++++ Records for this exercise ++++
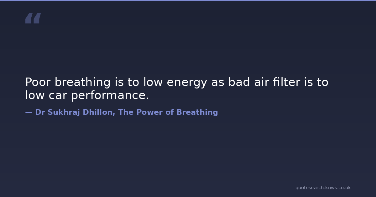 Poor breathing is to low energy as bad air filter is to low car performance. breathing healthy stress-management yoga Download Image Share on X Share on Facebook Copy Link
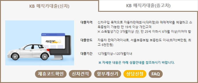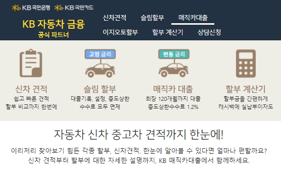 이리저리 찾아보기 힘든 각종할부, 신차견적을 한눈에 알아볼 수 있다면 정말 편리할겁니다. 신차 견적부터 할부에 대한 자세한 설명까지 KB 매직카대출에서 함께해보시기 바랍니다. 그럼 신차상품 먼저 보겠습니다.
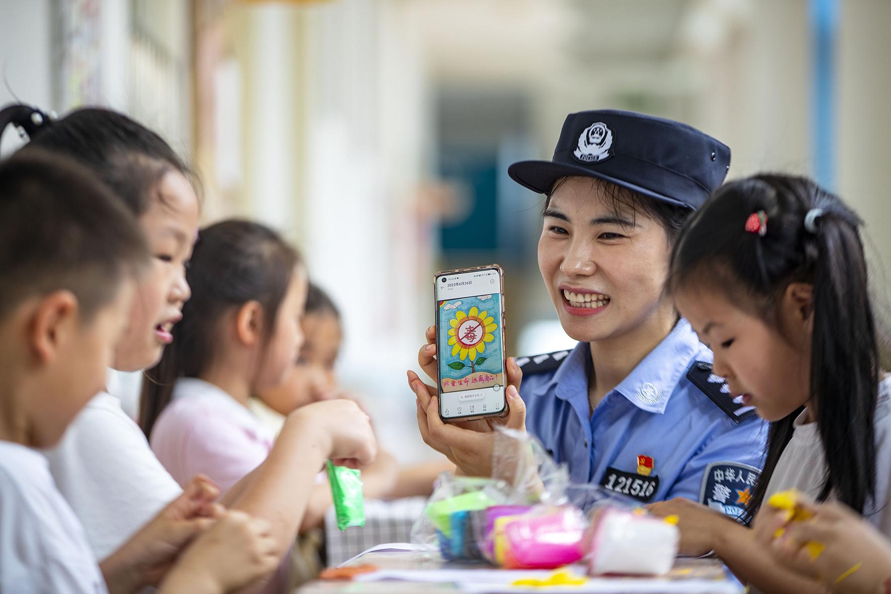 6月26日,江蘇省泰州市公安局海陵分局九龍派出所民警在幼兒園指導(dǎo)小朋友進(jìn)行“童心畫禁毒”活動。
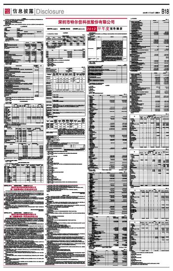 深圳市特尔佳科技股份有限公司2012半年度报告摘要
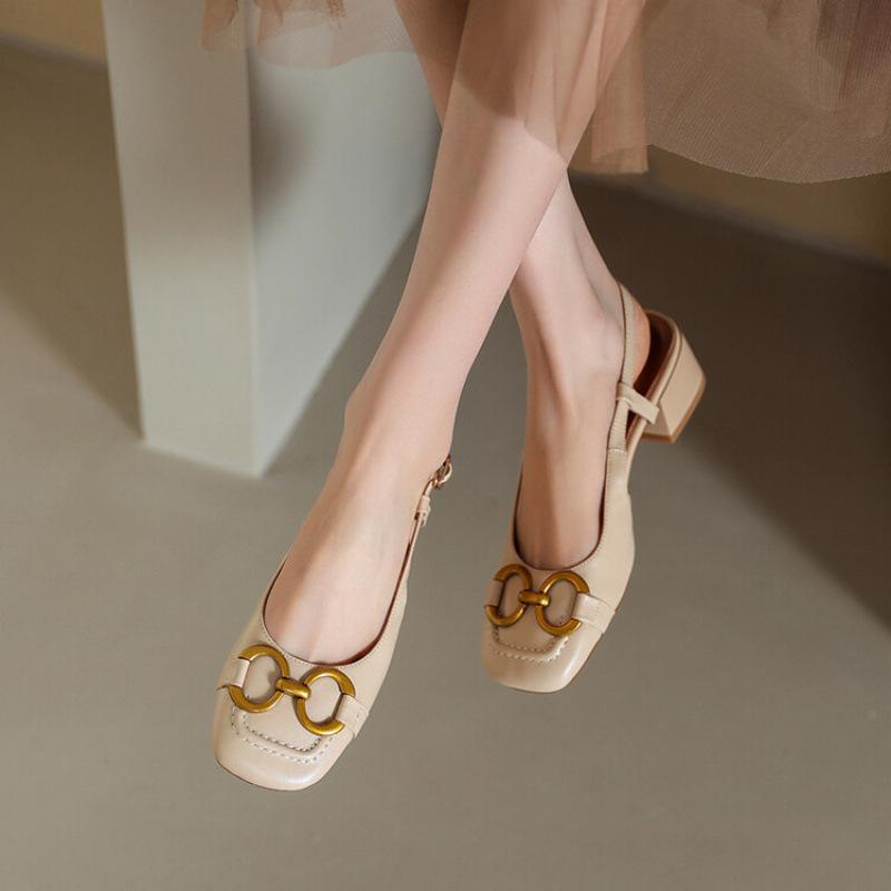 Comfortable and Versatile Simple Low-heeled Single Shoes French Bag Head Sandals Women's Spring New Back Empty Thick-heeled Mary Jane Shoes
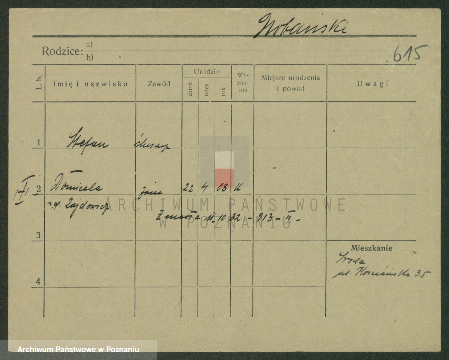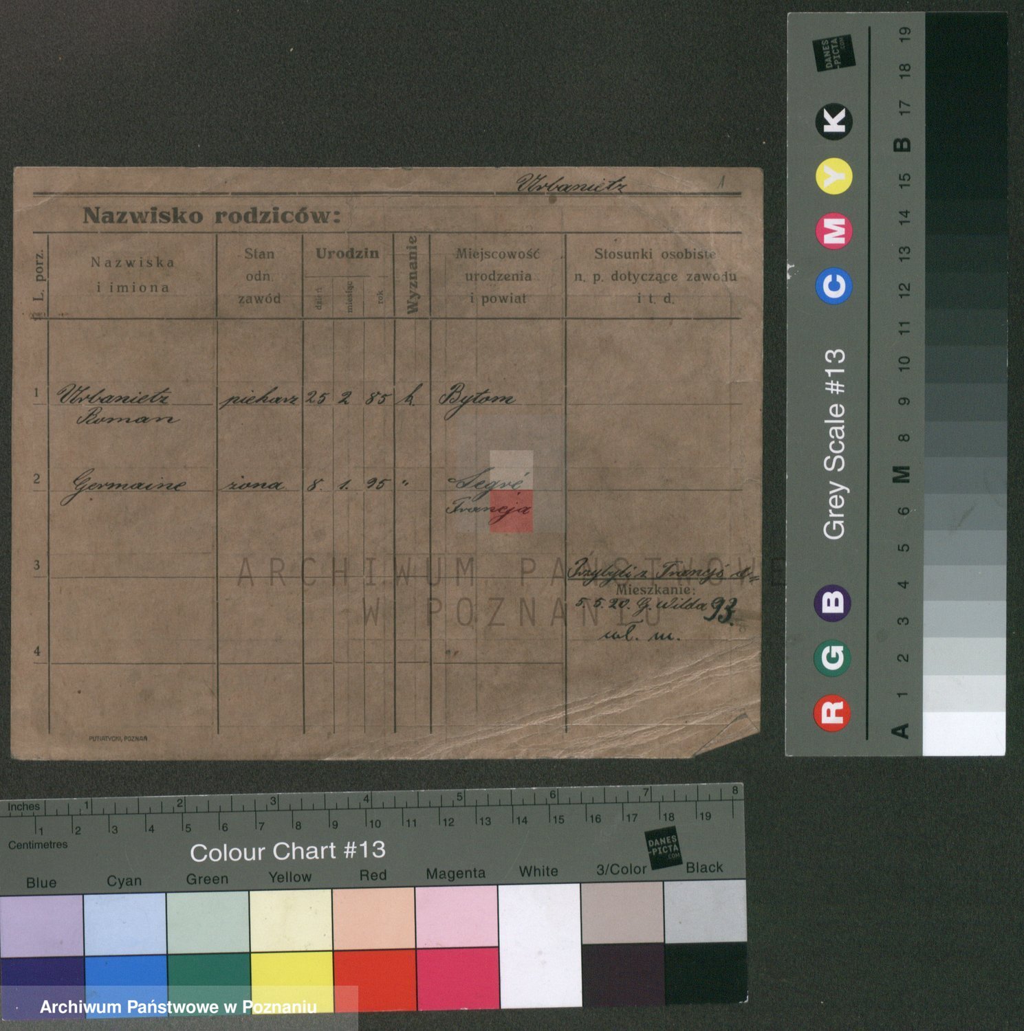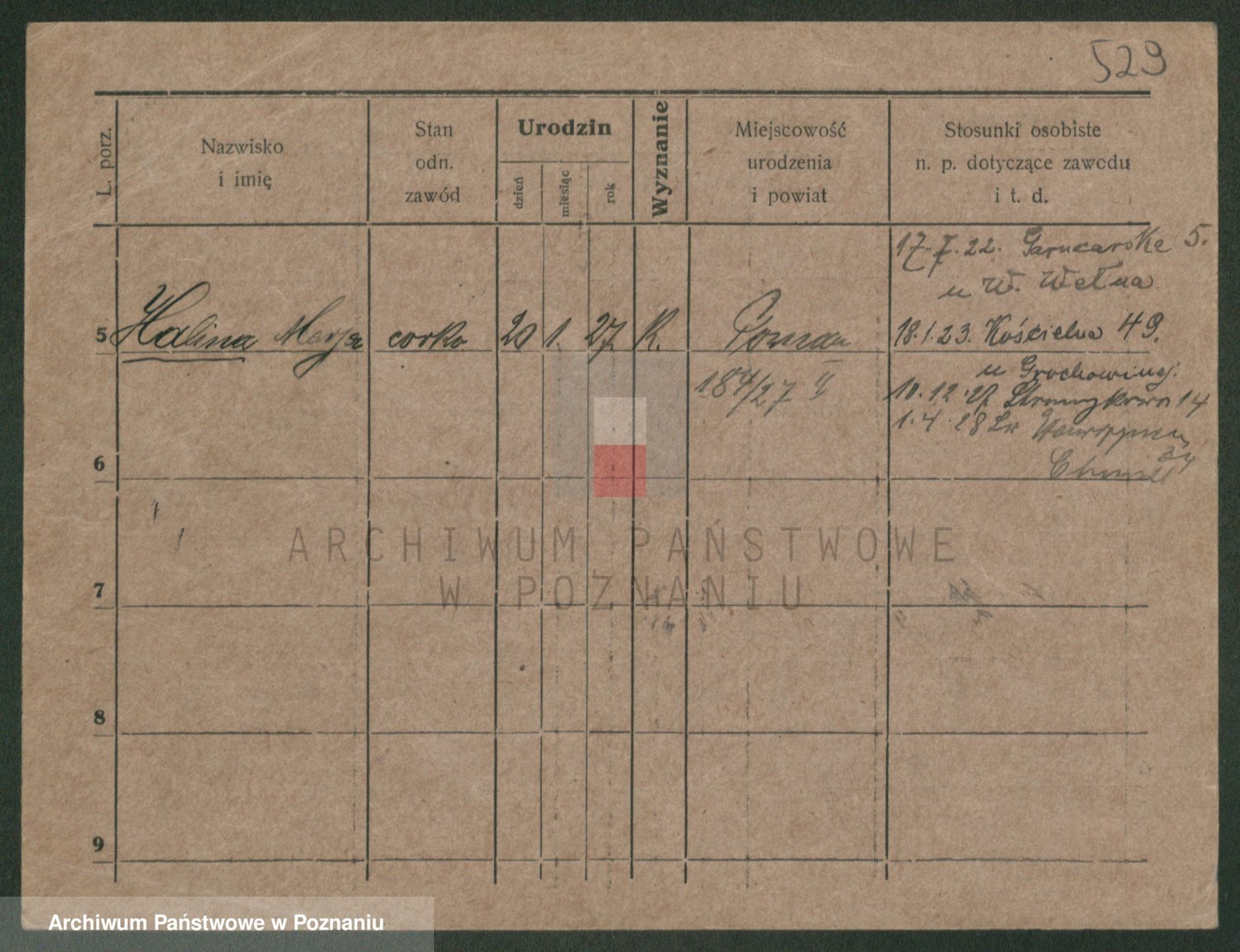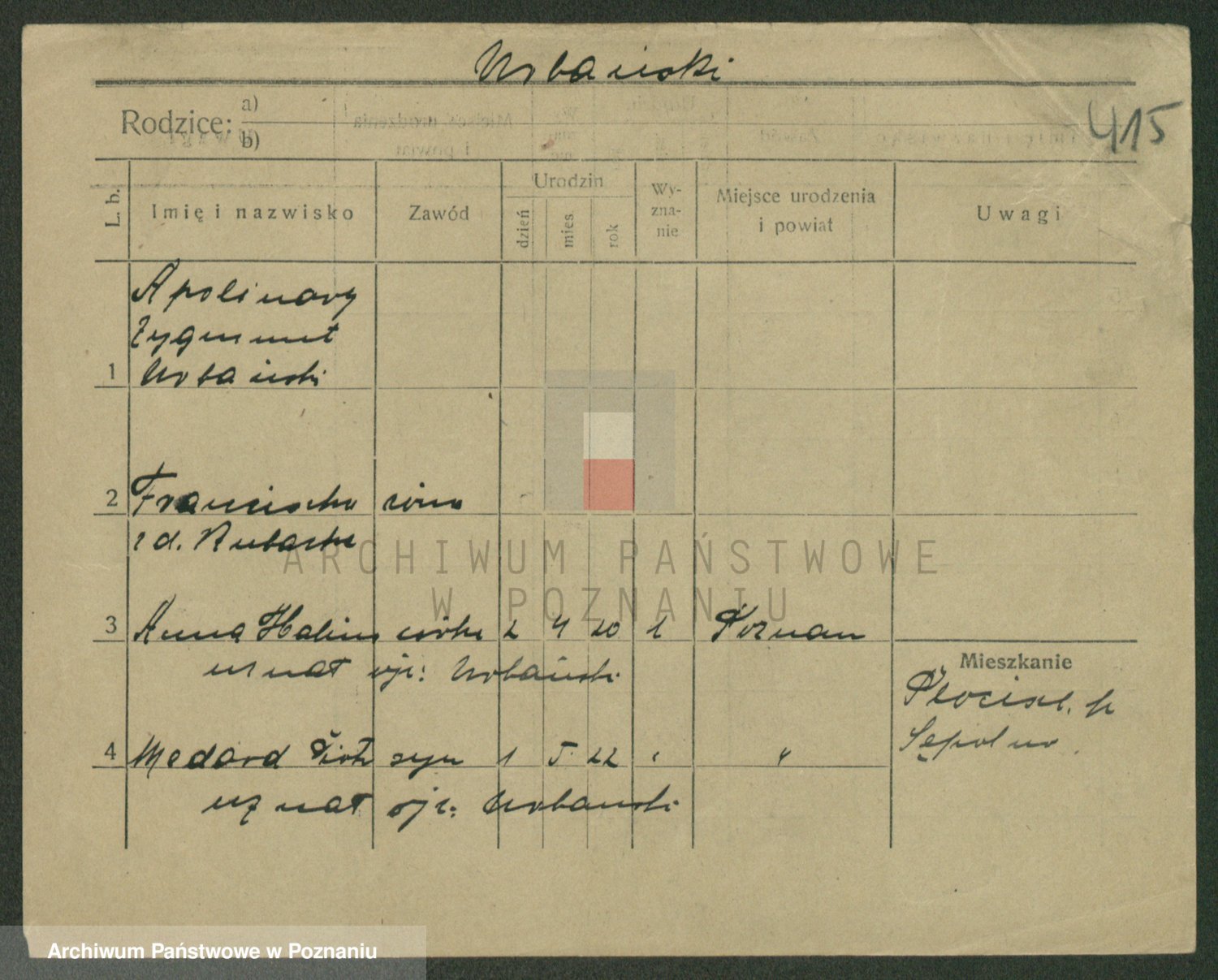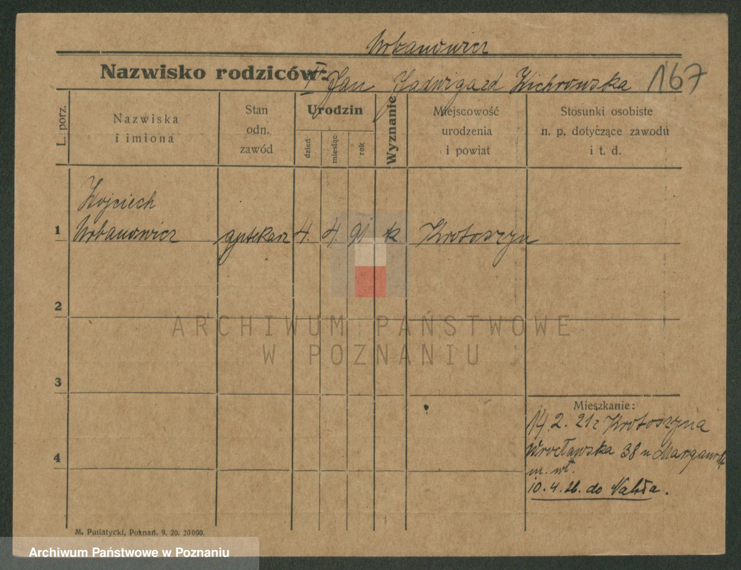 Podgląd karty osobowej dostępny jest po kliknięciu na nazwisko lub ikonkę karty. Można dokonywać powiększenia (ikony na górze) lub przechodzić między kolejnymi skanami (strzałki po bokach).
++++
■ **Work required**:
Only the lines from the one that contains "深圳市特尔佳科技股份有限公司2012半年度报告摘要" through the last line of the records may appear in the answer, retyped exactly and with no pictures.

■ **Answer section**:
 深圳市特尔佳科技股份有限公司2012半年度报告摘要
 Comfortable and Versatile Simple Low-heeled Single Shoes French Bag Head Sandals Women's Spring New Back Empty Thick-heeled Mary Jane Shoes
 Podgląd karty osobowej dostępny jest po kliknięciu na nazwisko lub ikonkę karty. Można dokonywać powiększenia (ikony na górze) lub przechodzić między kolejnymi skanami (strzałki po bokach).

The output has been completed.